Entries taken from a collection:
◇ ◇ ◇
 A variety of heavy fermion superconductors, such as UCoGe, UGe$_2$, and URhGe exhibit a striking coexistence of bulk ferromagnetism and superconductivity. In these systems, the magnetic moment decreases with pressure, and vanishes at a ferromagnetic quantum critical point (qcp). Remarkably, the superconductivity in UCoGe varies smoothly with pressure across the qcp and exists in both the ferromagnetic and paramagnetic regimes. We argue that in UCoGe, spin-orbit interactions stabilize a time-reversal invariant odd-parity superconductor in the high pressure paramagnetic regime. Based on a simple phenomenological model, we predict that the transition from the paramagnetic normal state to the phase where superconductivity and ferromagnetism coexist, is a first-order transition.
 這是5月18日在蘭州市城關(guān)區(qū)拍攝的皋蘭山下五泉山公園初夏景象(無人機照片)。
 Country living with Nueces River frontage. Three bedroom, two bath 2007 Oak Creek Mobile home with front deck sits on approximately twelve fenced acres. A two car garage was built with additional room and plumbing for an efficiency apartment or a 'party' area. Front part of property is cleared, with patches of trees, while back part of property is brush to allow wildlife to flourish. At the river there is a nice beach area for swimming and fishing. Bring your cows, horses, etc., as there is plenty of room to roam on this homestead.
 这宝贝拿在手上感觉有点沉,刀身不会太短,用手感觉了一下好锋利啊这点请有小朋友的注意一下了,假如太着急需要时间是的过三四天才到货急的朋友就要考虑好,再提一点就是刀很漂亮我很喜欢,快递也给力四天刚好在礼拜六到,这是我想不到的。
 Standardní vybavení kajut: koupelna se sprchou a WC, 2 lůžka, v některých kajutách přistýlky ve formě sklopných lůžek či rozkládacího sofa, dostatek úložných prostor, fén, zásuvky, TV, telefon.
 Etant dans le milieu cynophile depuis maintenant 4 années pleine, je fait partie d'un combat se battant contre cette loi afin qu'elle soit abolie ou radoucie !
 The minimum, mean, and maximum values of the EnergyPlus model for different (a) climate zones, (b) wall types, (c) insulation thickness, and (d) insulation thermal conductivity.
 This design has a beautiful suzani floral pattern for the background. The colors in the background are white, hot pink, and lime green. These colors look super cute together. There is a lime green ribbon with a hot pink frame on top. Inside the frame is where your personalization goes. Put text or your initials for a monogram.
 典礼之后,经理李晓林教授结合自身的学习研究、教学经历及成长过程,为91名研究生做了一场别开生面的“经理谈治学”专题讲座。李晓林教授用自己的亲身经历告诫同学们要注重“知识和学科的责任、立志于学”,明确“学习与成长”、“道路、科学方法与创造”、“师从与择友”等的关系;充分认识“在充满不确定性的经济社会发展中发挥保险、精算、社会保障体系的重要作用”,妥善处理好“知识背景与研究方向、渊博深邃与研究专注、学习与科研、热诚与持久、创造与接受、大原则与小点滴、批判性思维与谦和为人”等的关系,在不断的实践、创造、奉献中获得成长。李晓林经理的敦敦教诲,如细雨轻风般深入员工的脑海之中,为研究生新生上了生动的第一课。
◇ ◇ ◇
• [What is needed]: From the entries above, print the lines beginning at the one with "這是5月18日在蘭州市城關(guān)區" and stopping after the one with "This design has", exactly as written and with nothing else.

• [Solved problem]:
 這是5月18日在蘭州市城關(guān)區(qū)拍攝的皋蘭山下五泉山公園初夏景象(無人機照片)。
 Country living with Nueces River frontage. Three bedroom, two bath 2007 Oak Creek Mobile home with front deck sits on approximately twelve fenced acres. A two car garage was built with additional room and plumbing for an efficiency apartment or a 'party' area. Front part of property is cleared, with patches of trees, while back part of property is brush to allow wildlife to flourish. At the river there is a nice beach area for swimming and fishing. Bring your cows, horses, etc., as there is plenty of room to roam on this homestead.
 这宝贝拿在手上感觉有点沉,刀身不会太短,用手感觉了一下好锋利啊这点请有小朋友的注意一下了,假如太着急需要时间是的过三四天才到货急的朋友就要考虑好,再提一点就是刀很漂亮我很喜欢,快递也给力四天刚好在礼拜六到,这是我想不到的。
 Standardní vybavení kajut: koupelna se sprchou a WC, 2 lůžka, v některých kajutách přistýlky ve formě sklopných lůžek či rozkládacího sofa, dostatek úložných prostor, fén, zásuvky, TV, telefon.
 Etant dans le milieu cynophile depuis maintenant 4 années pleine, je fait partie d'un combat se battant contre cette loi afin qu'elle soit abolie ou radoucie !
 The minimum, mean, and maximum values of the EnergyPlus model for different (a) climate zones, (b) wall types, (c) insulation thickness, and (d) insulation thermal conductivity.
 This design has a beautiful suzani floral pattern for the background. The colors in the background are white, hot pink, and lime green. These colors look super cute together. There is a lime green ribbon with a hot pink frame on top. Inside the frame is where your personalization goes. Put text or your initials for a monogram.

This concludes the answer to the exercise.